Like for example the other day she woke up and found her plant in her living room which she waters every day etc.. asif someone pulled it kinda up outa the dirt and it was withered and hanging down at the side of the pot, not completely out of the dirt just pulled up till its hanging over and withered.

Also shes been finding feathers around the place over the last few days in several room which I hear is linked to occultist things?

weird.

Any suggestions on what to do and anyone had anything like this happen before?


----------



## LeeJUk (Mar 3, 2009)

neither of them are christians and both will not listen :|. 
I already told my mother shes messing with demons and there is a hell but she won't listen.

What you mean hurtin' anythin?


----------



## AThornquist (Mar 3, 2009)

ing for them.


----------



## PresbyDane (Mar 3, 2009)




----------



## LeeJUk (Mar 3, 2009)

well my mum doesnt really think evil spirits exist and so shes all like oooo angels visited and my gran just really doesnt care but I mean I care ya know I dont want anything bad to happen to my family.

Thanks for praying though guys I really love the brothers and sisters here all of ya the generosity of prayer and advice you give is just a blessing to me.

A big thank you and praise be to God.


----------



## Calvinist Cowboy (Mar 11, 2009)

When satan is given an open door, he takes it.

Praying that God would open your mom's and grandmother's heart to the Gospel.

BTW, don't stop sharing the Gospel with them.

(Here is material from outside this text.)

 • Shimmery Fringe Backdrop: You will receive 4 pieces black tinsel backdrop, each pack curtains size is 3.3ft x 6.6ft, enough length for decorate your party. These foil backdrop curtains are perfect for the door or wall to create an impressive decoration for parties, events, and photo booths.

Take them to the miracles of Jesus and show that true spiritual power is not linked to ouija boards or seances, but to the risen Savior and Lord.


----------



## Davidius (Mar 11, 2009)

My wife told me that her friend's mom was involved with this stuff when she was a kid and at some point things were always falling off the walls at night and when she placed a bible on the floor under them they stopped falling. She also became a Christian. 

*shrug*


----------



## nicnap (Mar 11, 2009)

Praying.


----------



## Berean (Mar 11, 2009)

Dangerous territory. Thin ice.


----------



## TaylorOtwell (Mar 11, 2009)




----------



## BobVigneault (Mar 12, 2009)

I hope she really did become a Christian but it wasn't because of a superstitious prank. If this story is true then the falling objects AND the Bible were just props used by the demons to breed superstition. A printed book has no spiritual power, it was used as a talisman. It's all part of the act.



Davidius said:


> My wife told me that her friend's mom was involved with this stuff when she was a kid and at some point things were always falling off the walls at night and when she placed a bible on the floor under them they stopped falling. She also became a Christian.
> 
> *shrug*


----------